Eric B. Gyasi provides proactive and strategic guidance to help clients address cybersecurity enterprise risk management, and he leads clients through the response to security incidents. Eric is uniquely qualified to help clients navigate the legal and business risk issues at the intersection of incident response and cybersecurity regulatory enforcement due to his legal acumen paired with his crisis communications and digital forensics background. A strategic thinker valued for his business-minded judgment, Eric advises boards of directors regarding the duty of oversight related to cybersecurity and the executive management team on compliance with complex regulatory requirements in a risk-informed manner.

Eric shepherds clients through cybersecurity incidents including network breaches, ransomware attacks, wire transfer fraud, business email compromises, financial crimes, corporate espionage and state-sponsored critical infrastructure intrusions. He leads and manages digital forensic investigations; develops and implements tailored cyber incident response strategies; prepares and drafts regulatory, government and shareholder disclosures; and crafts crisis communication strategies.

Eric is an active and engaged thought leader in the cybersecurity and data privacy industry. Designated as a Certified Information Privacy Professional (CIPP/US) by the International Association of Privacy Professionals (IAPP), he is frequently called upon to present seminars and CLEs to industry groups on evolving cybersecurity issues and other key digital forensic issues. He is a member of the Sedona Conference and a contributing author to Working Group 11 – Data Security and Privacy Liability.

David Navetta is a prominent leader in privacy, information security and technology law. He has extensive experience counseling clients on novel and cutting-edge data protection issues, including data breach response, cybersecurity risk management, consumer and employee privacy, incident response planning and preparedness, technology transactions, vendor management, board of director advice and consultation, regulatory investigations, litigation and due diligence in corporate transactions. David serves as a "breach coach" on an approved panel for numerous cyber insurance carriers and companies, and he has helped some of the world’s leading corporations to effectively respond to complex data security breaches and protect their enterprise. David’s clients range from startups to large Fortune 500 multinationals across a range of industries, including e-commerce, consumer products, name-brand traditional brick-and-mortar, hotels and hospitality, social media, technology, professional services, healthcare, financial institutions and energy.

David has served as a leader and integral member of a Chambers USA-ranked law firm he co-founded.

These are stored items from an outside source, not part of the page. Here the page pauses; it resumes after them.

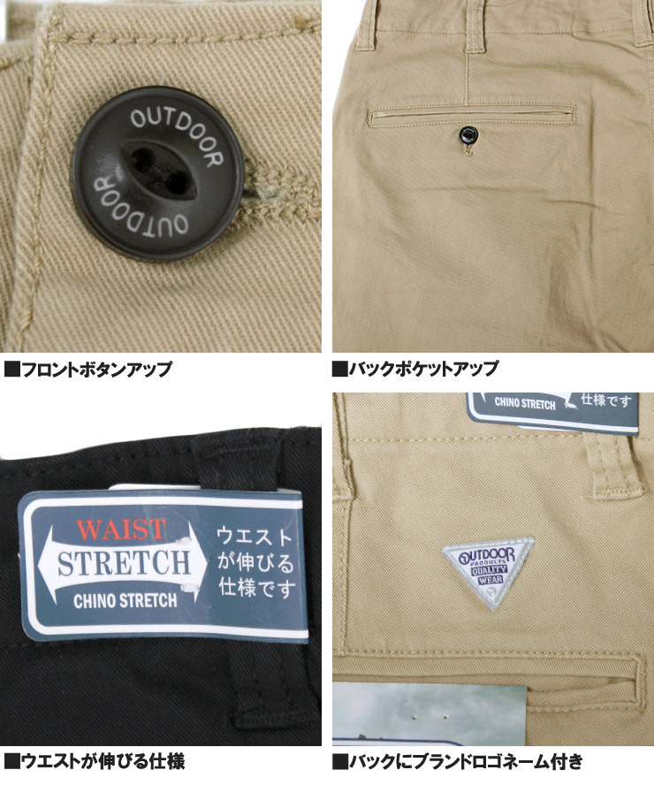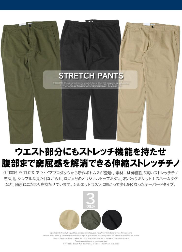 | 商品説明 | OUTDOOR PRODUCTSより実用性とファッション性を兼ね備えたチノパンツの登場です。 |
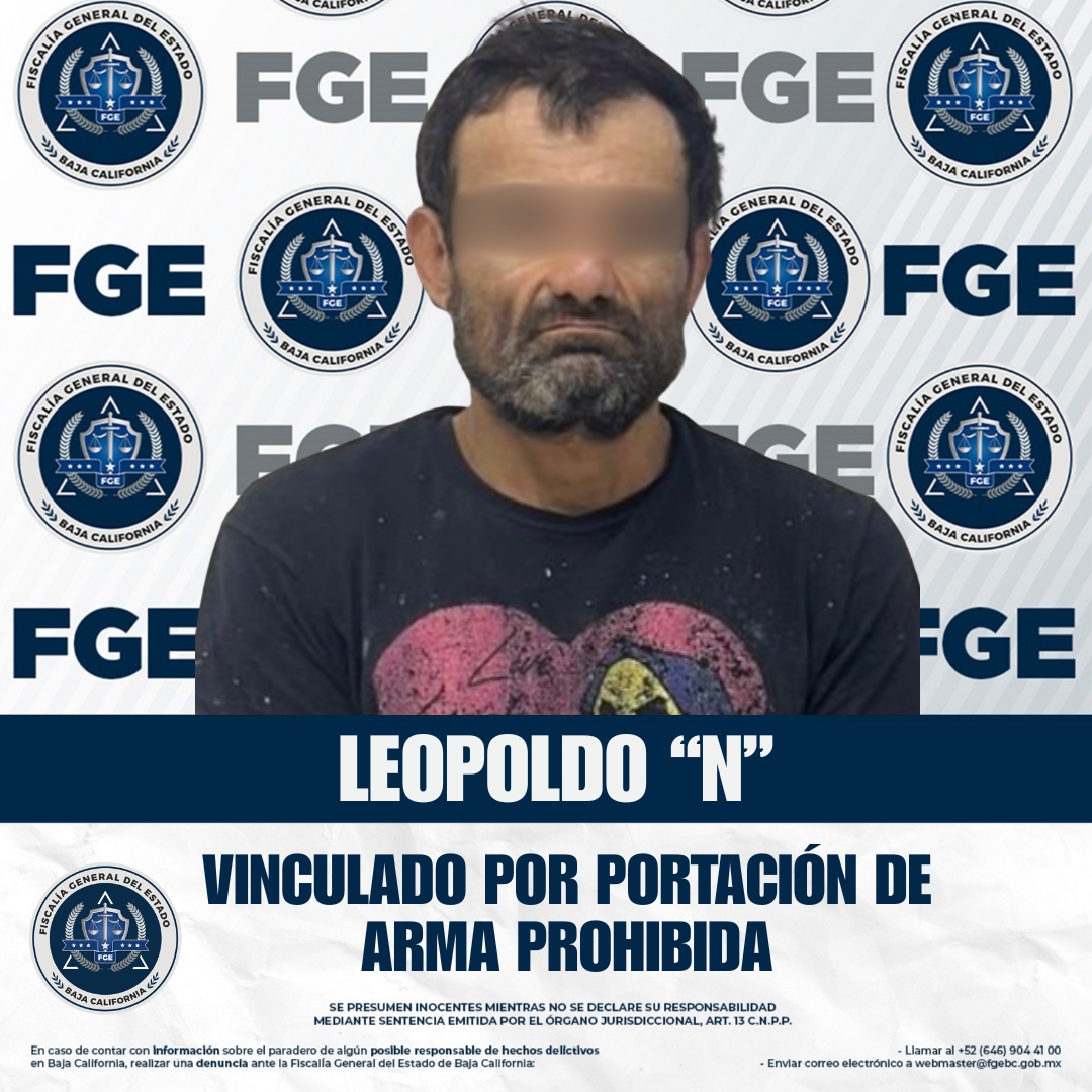 SAN QUINTÍN, BAJA CALIFORNIA. - La Fiscalía Regional de San Quintín obtuvo la vinculación a proceso de Leopoldo “N” por el delito de portación de arma prohibida, tras ser detenido por elementos de la Policía Municipal en el fraccionamiento San Quintín.
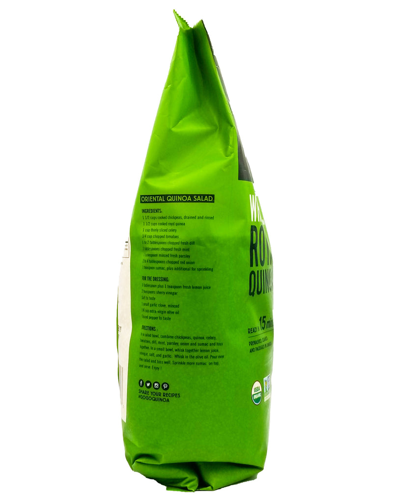 • Royal quinoa is a premium quality seed and is cultivated in the region of Potosi in Bolivia. It is recognizable by its larger grains and its fluffier texture. This superfood, called the mother of all grains in Quechua, is known for its nutritional richness and as a complete plant-based protein!
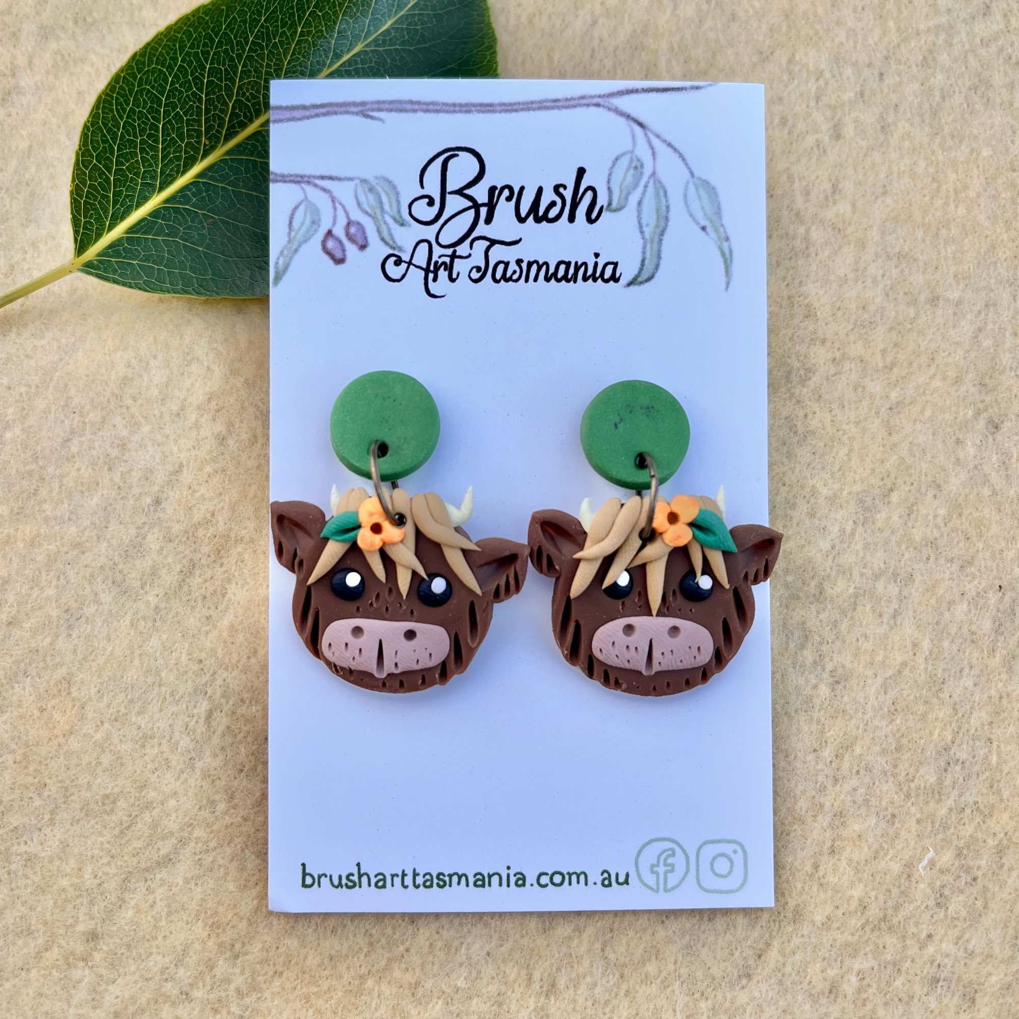 Handcrafted Highland Cow polymer clay earrings 🍃

He is known for his leadership and extensive experience in privacy and data protection law and is recognized by Chambers USA as a leading lawyer for privacy & data security from 2020 – 2023, by Legal 500 USA as a leading lawyer for international litigation and data protection & privacy from 2016 – 2020, as well as by WWL: Data in the area of Information Technology and Data Privacy & Protection. He is also a Certified Information Privacy Professional (CIPP/US) through the International Association of Privacy Professionals.

David’s diverse legal experiences over his career have provided him with a unique perspective and pragmatic approach to enterprise security, including serving as the former US co-chair of Norton Rose Fulbright’s data protection, privacy and cybersecurity practice group; his own entrepreneurial endeavor co-founding InfoLawGroup LLP; former assistant general counsel for AIG’s eBusiness Risk Solutions Group in New York for over three years; former co-chair of the American Bar Association's Information Security Committee and former chairman of the organization’s Contracting & Risk Management Working Group; and former co-chair of PCI’s Legal Risk and Liability Working Group.

David speaks and writes frequently concerning technology, privacy and data security legal issues, and is frequently cited as an expert in the press and otherwise.